Whether you have a “data lake” or a “data warehouse” or just plain old data, fishing for value is the next step. For procurement analysis, the value step can be tricky, because chances are:

  • The “lake” is missing the specific data needed
  • The data needs additional transformation
  • There’s too much data for a spreadsheet model

Examples of missing data include contracts and terms, price x quantity detail, and rate tables. Often the only source of invoice-level detail is the vendor; and if contract rates and dates are unavailable, so is any hope of auditing contract compliance. Org charts and employee counts are usually missing as well, but are critical for demand management analysis.

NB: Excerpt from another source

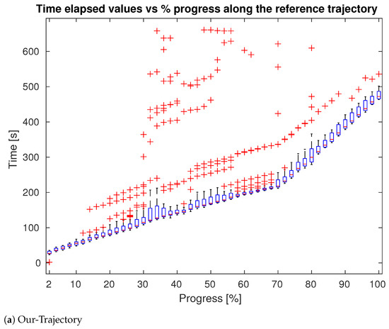 We also evaluated the speed of the navigation, with respect to the optimal global trajectory generated by the Isaac global planner. To this aim, for each trial, we recorded the time required by the robot to reach a given point along the optimal trajectory. The results are plotted in Figure 11, in which for different percentages of progress along the x axis, we report a series of box-plots that represents the time stamp distribution at which the robot reached the related progress. Box-plots were built only using time stamps relative to navigation tests in which the robot had effectively reached the associated progress and no penalties were introduced in case the robot failed to reach a determined progress. The average value of the box-plots was calculated excluding outliers, identified as a value that was more than 1.5 times the interquartile range away from the top or bottom of the box. These outliers (in red) represent “delay points”, in which the robot got stuck for several seconds before resuming the navigation. These points leave a tail of lagging time measures along the whole path. This effect can be clearly seen in Figure 11b, where delay points originate at specific points of the trajectory and maintain a constant offset from the mean value. The average time to reach a determined point in the trajectory is thus similar for the two approaches since in case of a correct navigation the differences in the trajectories are minimal and they do not bring substantial time savings. The main difference, however, is in the number of outliers, i.e., the distribution of the delay points in terms of quantity, dispersion, and absolute values. Figure 11 and Table 1 show that our method performed better in all the three metrics. From Table 1, in particular, we notice that the proposed method had a smaller number of delay points; these values were generated when the robot got stuck during the navigation for a certain period of time. The average value of the outliers is an indicator of this time period. As reported in Table 1, the proposed methodologies significantly reduced the number of delay points and the average delay that each point introduced in the trajectory.

Even when data is available, additional transformation is always required. Are there preferred vendors? This is information with a high rate of change that has no analog in corporate data systems. Are vendors grouped properly? Mapped properly to commodity? This is also information with a high rate of change (don’t believe anyone who tells you otherwise). Data lakes don’t transform data – they just store it, and at best dump it into a read-only BI tool.

Even if all of the above is readily available in the data lake (it isn’t, but let’s pretend), the “uh oh” moment comes when model complexity and/or data volume exceeds the practical limitations of the models built to analyze it – typically spreadsheet models.

As one of our customers put it, “Basic systems can only answer simple questions.” When you’re looking for savings, you need the ability, in real time, to:

  • Add additional data easily and quickly
  • Create new dimensions and re-derive old ones
  • Transform or modify data with understandable rules
  • Model at database scale with spreadsheet flexibility

To catch fish, you need Spendata.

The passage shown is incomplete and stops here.